3.                  Limitation of Amendments.

The amendments set forth in Section 2 above are effective for the purposes set forth herein and will be limited precisely as written and will not be deemed to (a) be a consent to any amendment, waiver or modification of any other term or condition of the Transaction Agreement, (b) otherwise prejudice any right or remedy that any party to the Transaction Agreement may now have or may have in the future under or on in connection with the Transaction Agreement, or (c) be a consent to any future amendment, waiver or modification of any other term or condition of the Transaction Agreement.

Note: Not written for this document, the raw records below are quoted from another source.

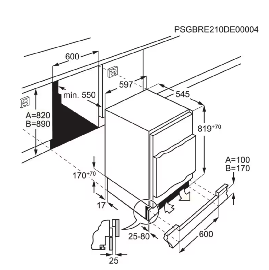 820 mm inbouwhoogte
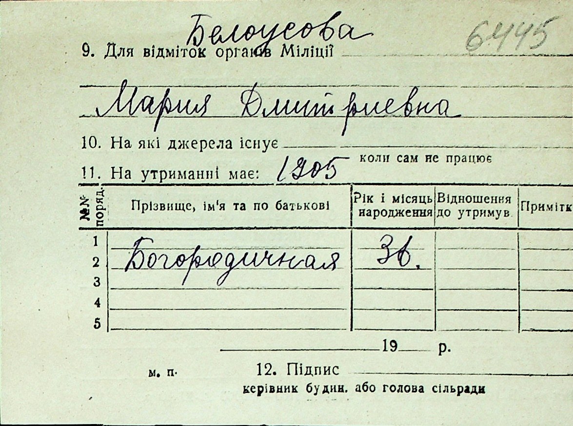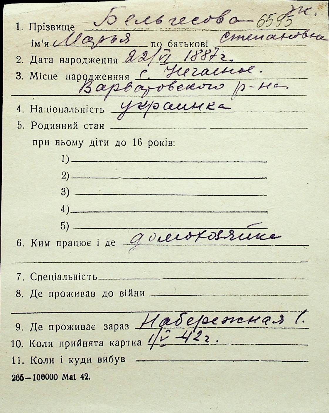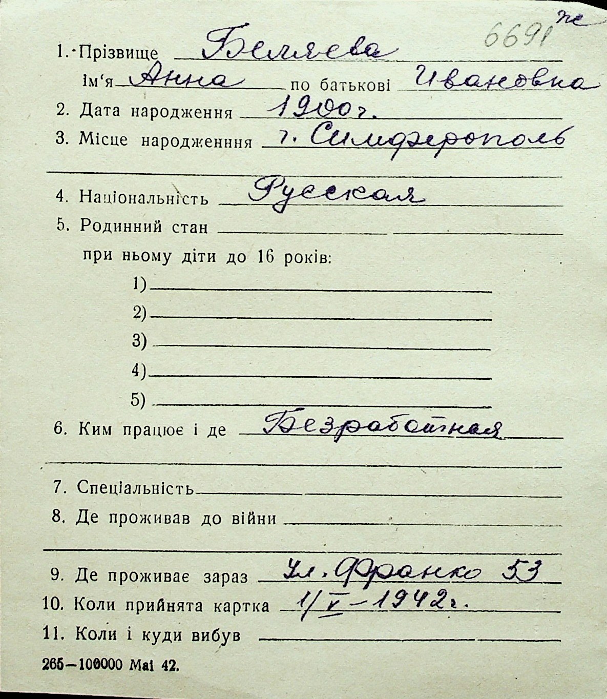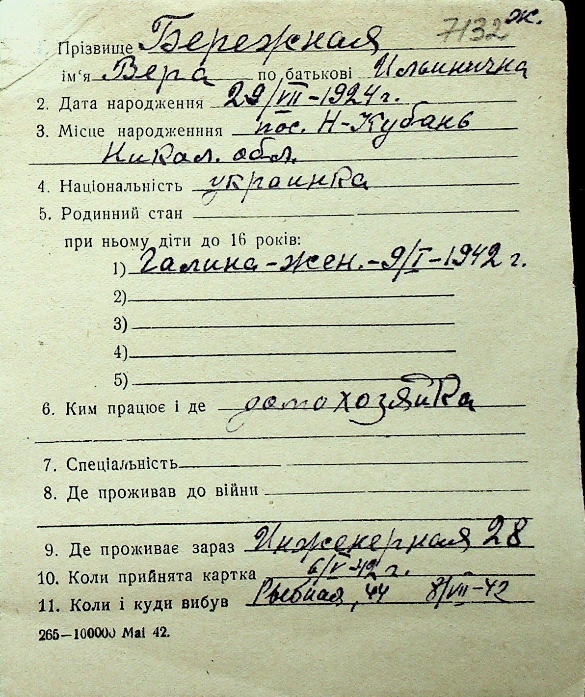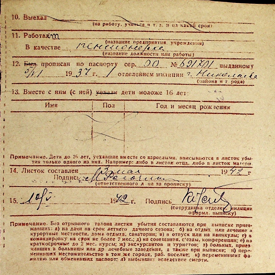 ◦ ◦ Перелік карток на осіб, які мешкали у м. Миколаїв у період окупації 1941–1944 років
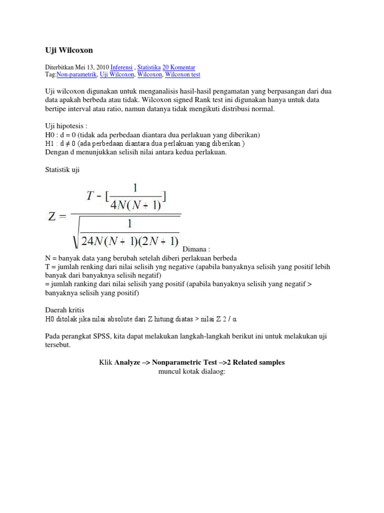 Uji beda dua sampel berpasangan wilcoxon ranking bertanda wilcoxon banyak digunakan untuk menguji perbedaan perlakuan yang diberikan kepada objek penelitian dengan mempertimbangkan arah dan magnitude relatif perbedaan dari dua sampel berpsangan. Hal ini tidaklah salah sebab jika data penelitian anda tidak berdistribusi normal melalui uji normalitas maka data tersebut dianggap tidak memenuhi syarat dalam pengujian statistik parametrik khususnya uji paired sample t test. Tidak terdapat perbedaan produktivitas kerja pegawai sebelum dan sesudah memakai ac. Uji wilcoxon ini hampir sama dengan uji tanda tetapi besarnya selisih nilai angka antara positif dan negatif diperhitungkan dan digunakan untuk menguji hipotesis komparatif 2 sampel berpasangan.
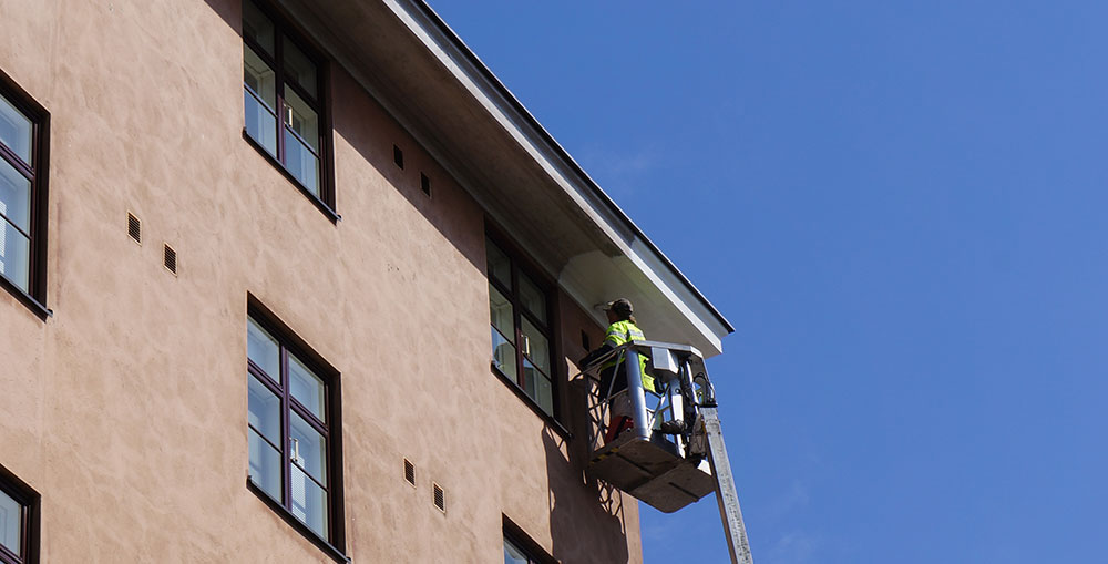 Kerrostalon kattohuoltoa suoritettaessa on usein tarve käyttää turvavaljaita ja niiden lisäksi myös henkilönostimia tai nostokoriautoja, varmistaen työturvallisuuden korkealla.
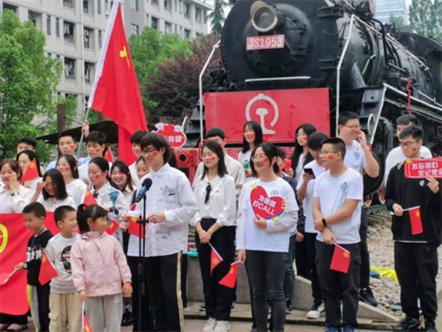 在组织部成员的安排下,同学们到达后迅速有序站队,每人手中握着一面鲜艳的小团旗,脸颊贴着一张鲜红的团旗标志,胸前佩戴一枚闪亮的团徽,与身后独特的红色火车头相互辉映。
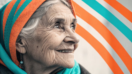 An artistic portrait showcasing an elderly woman whose gentle smile is adorned with bold neon stripes of orange and teal that ripple across her features creating a beautiful.
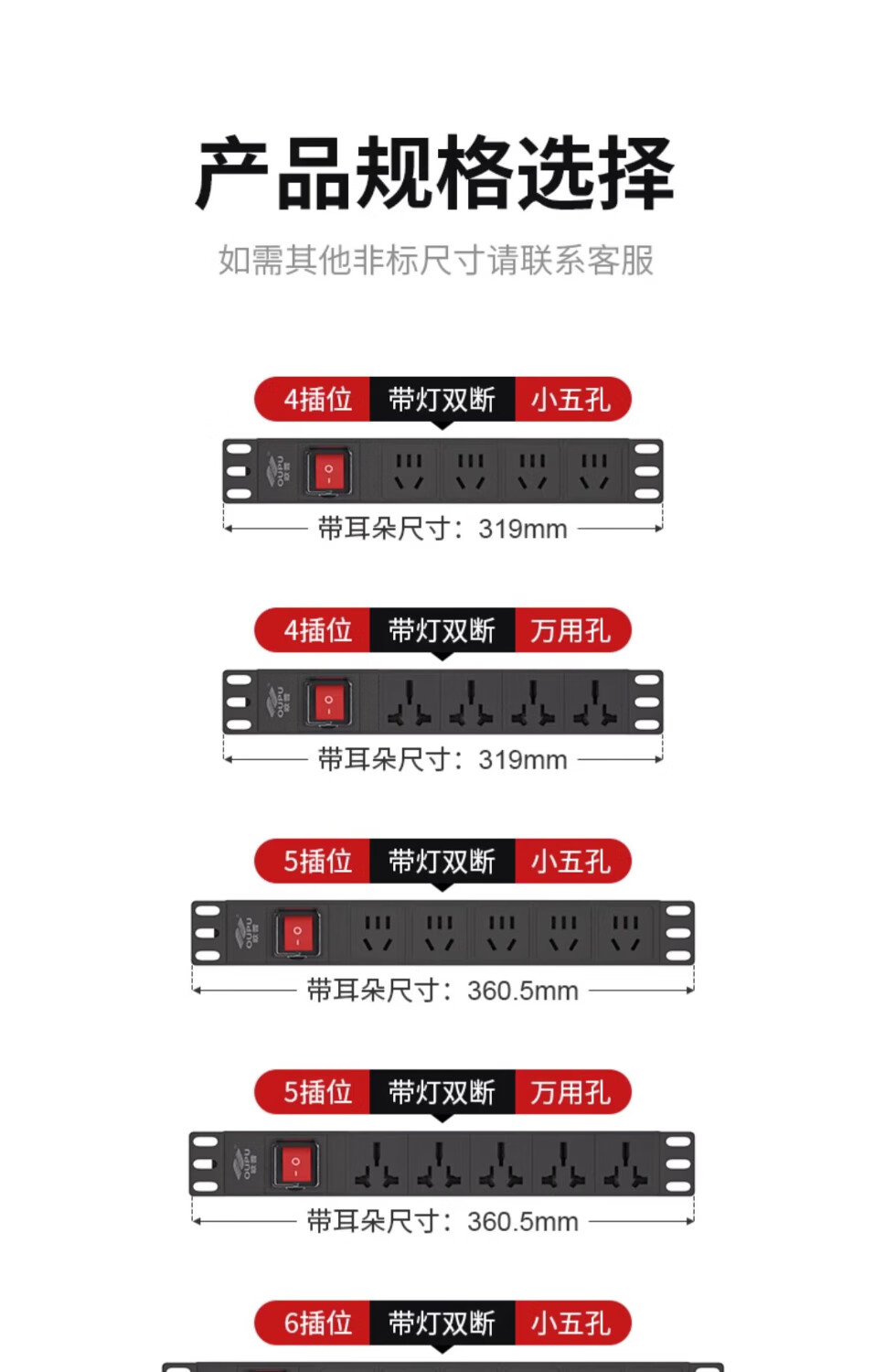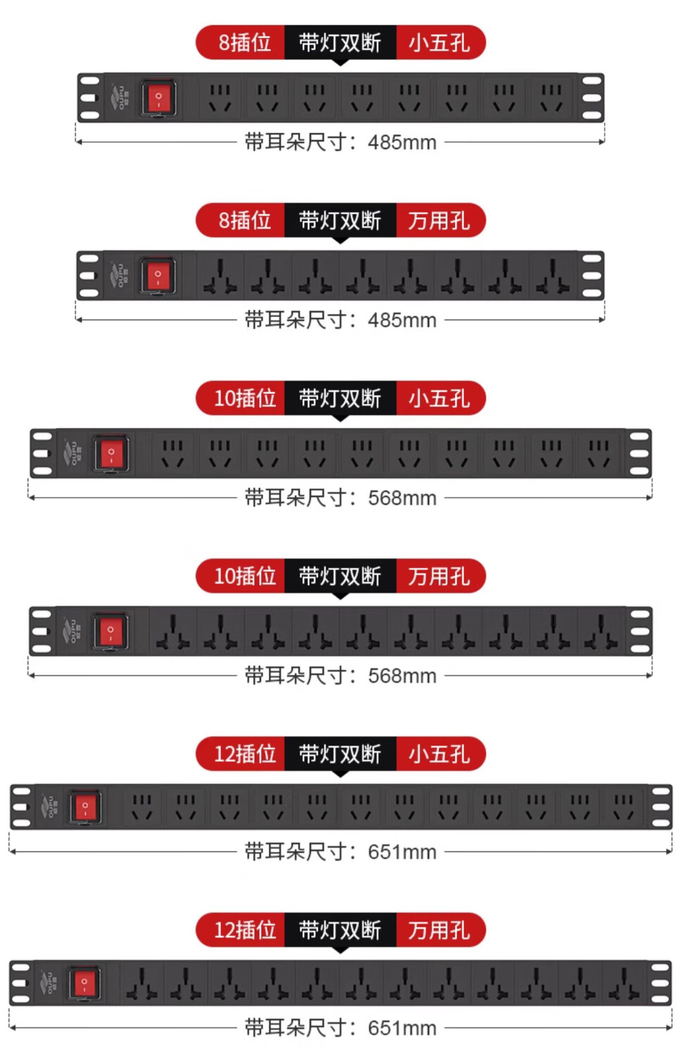 Op PDU cabinet socket switch 8-bit 10A16A4000W industrial track workbench test rack machine room engineering plug-in drag strip board can be customized non-national standard 2-bit 10A double break switch wireless
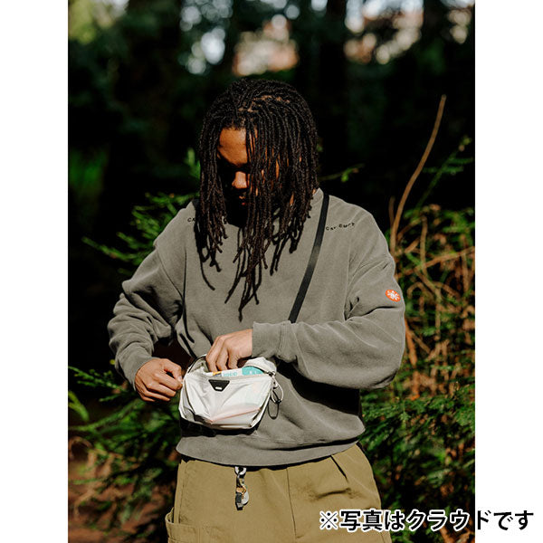 ポーチ上部のコードフックループに別売りのピークデザイン製ストラップやフラットフックストラップ(発売予定)を取り付けるだけで、超軽量なスリングバッグに早変わり。必需品だけをまとめてそのまま持ち出せるので、旅先でのちょっとした外出時に便利です。
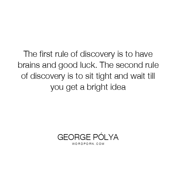 The first rule of discovery is to have brains and good luck. The second rule of discovery is to sit tight and wait till you get a bright idea
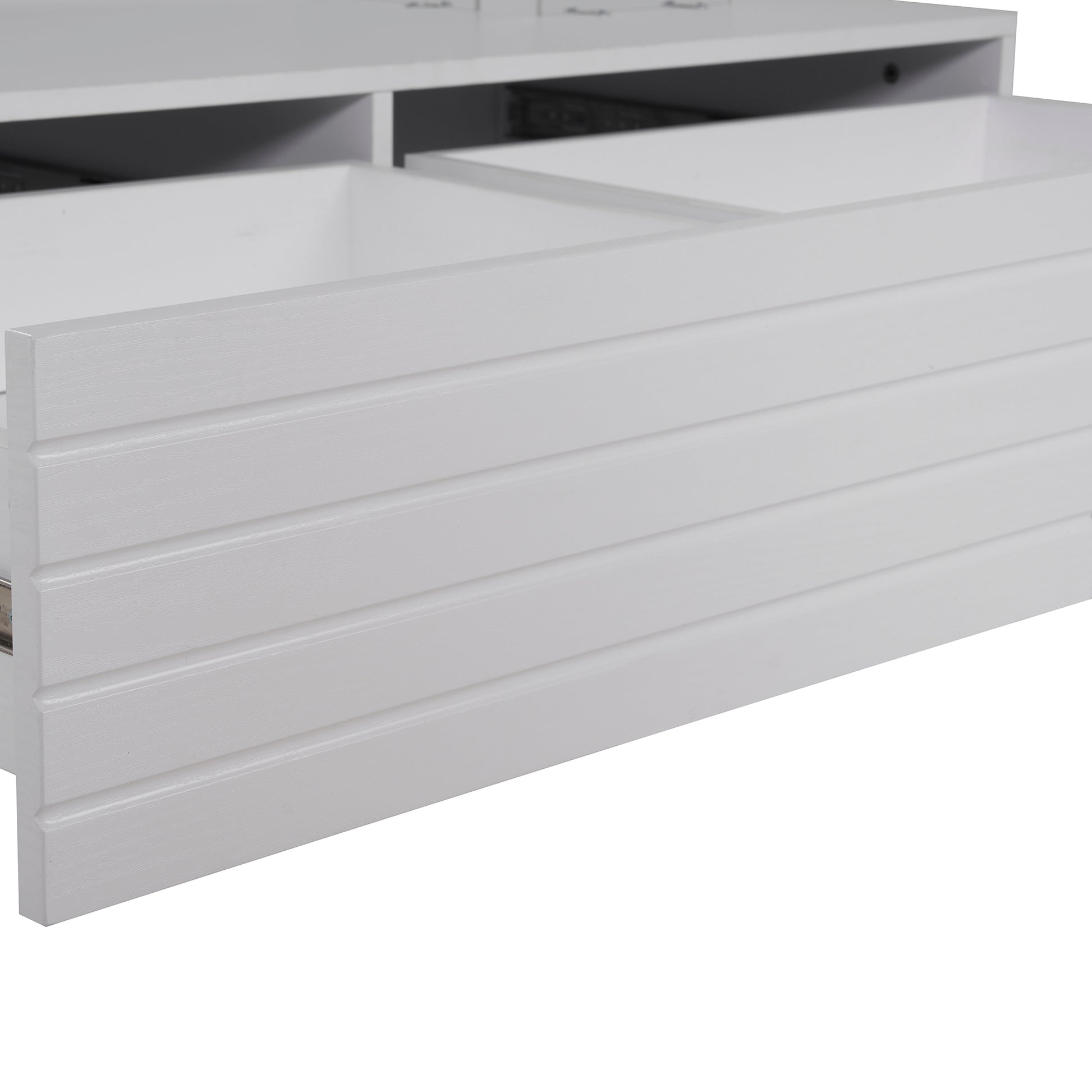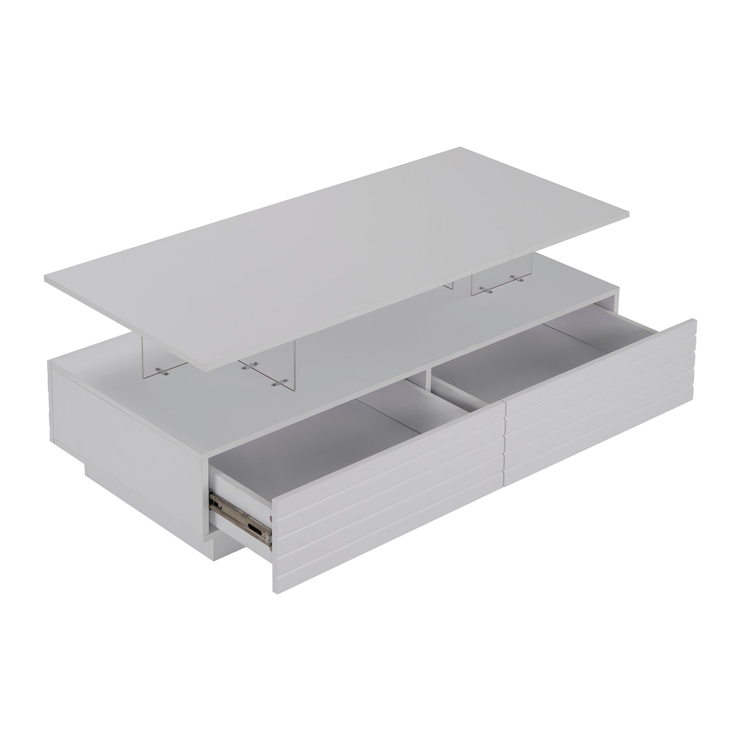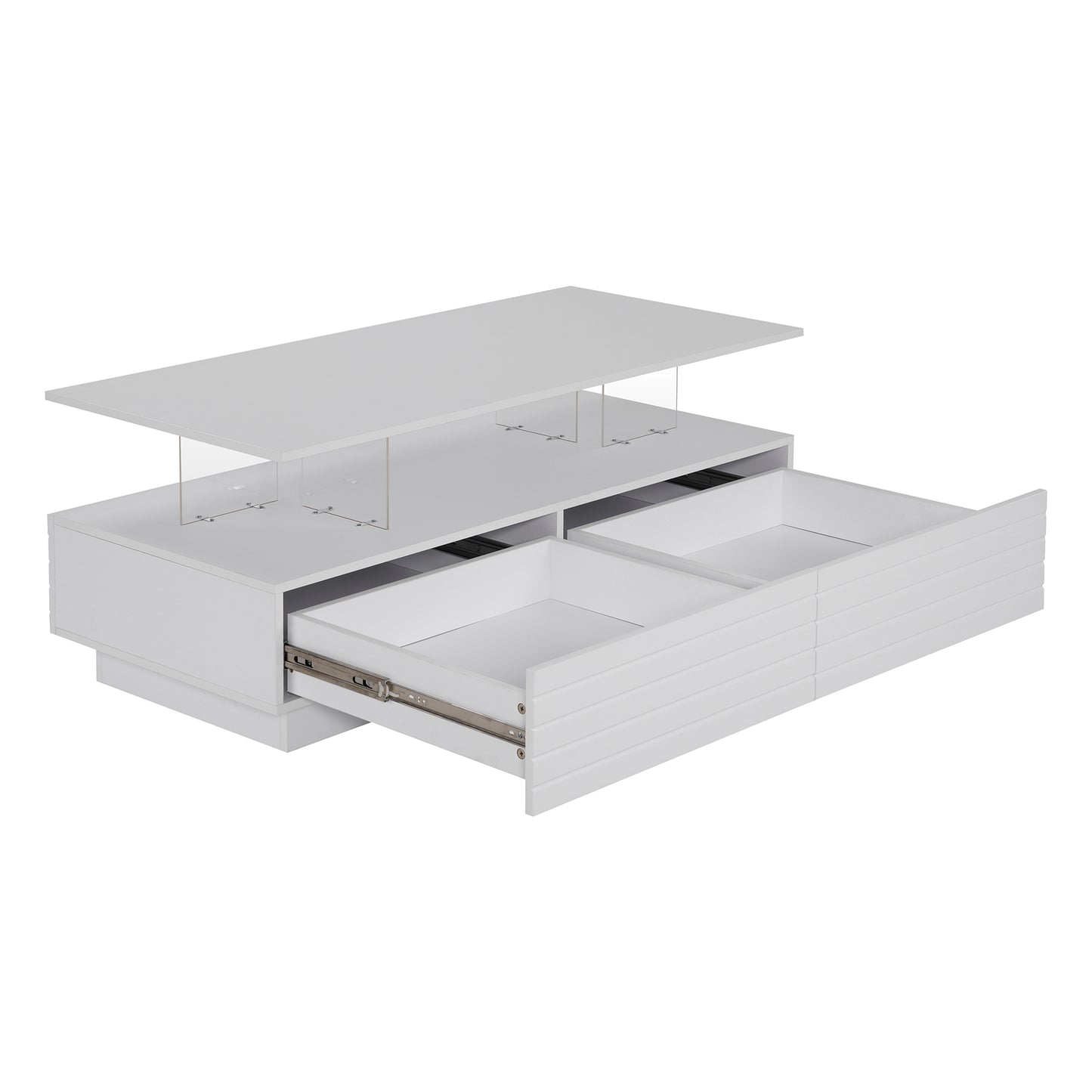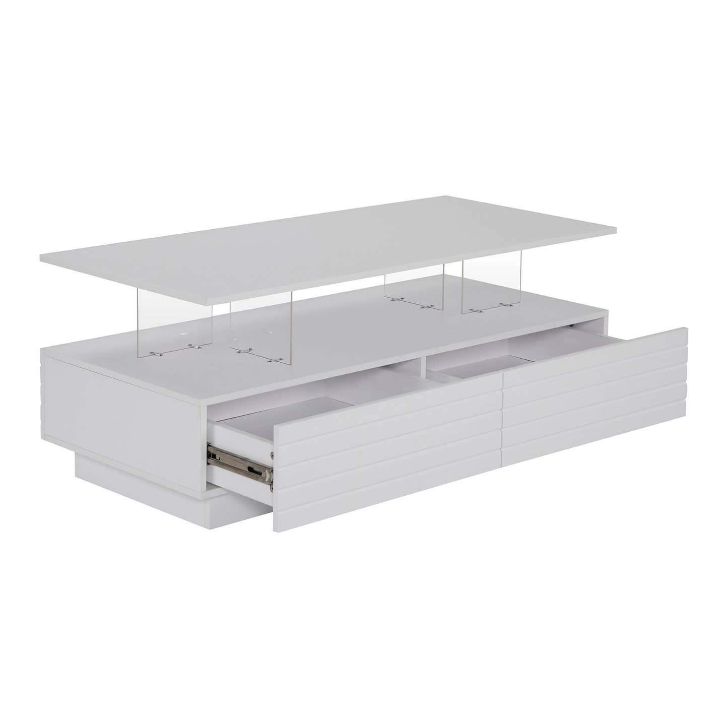 Modern White Rectangular LED Lights Coffee Table with 2 drawers in 47.2'

4.                  Entire Agreement.

This Amendment, together with the Transaction Agreement, the Company Agreement, the Ancillary Agreements and the Confidentiality Agreement, in each case including any attached exhibits and schedules, contain the sole and entire agreement and understanding of the parties with respect to the entire subject matter contained herein and therein, and any and all prior discussions, negotiations, commitments and understandings, whether oral or otherwise, related to the subject matter contained herein and therein are hereby merged herein and therein.  Nothing in this amendment, express or implied, is intended to confer upon any Person other than the parties hereto any rights or remedies under or by way of this Amendment.

5.                  Assignment.

No party may assign its rights or obligations under this Amendment, and any attempted or purported assignment or any delegation of any party's duties or obligations arising under this Amendment to any third party or entity shall be deemed to be null and void, and shall constitute a material breach by such party of its duties and obligations under this Amendment; provided that NS may assign its rights to any wholly-owned Subsidiary of NS.

6.                  Governing Law.

THE LAWS OF THE STATE OF DELAWARE SHALL GOVERN THE VALIDITY OF THIS AMENDMENT, THE CONSTRUCTION OF ITS TERMS AND THE INTERPRETATION OF THE RIGHTS AND DUTIES ARISING HEREUNDER.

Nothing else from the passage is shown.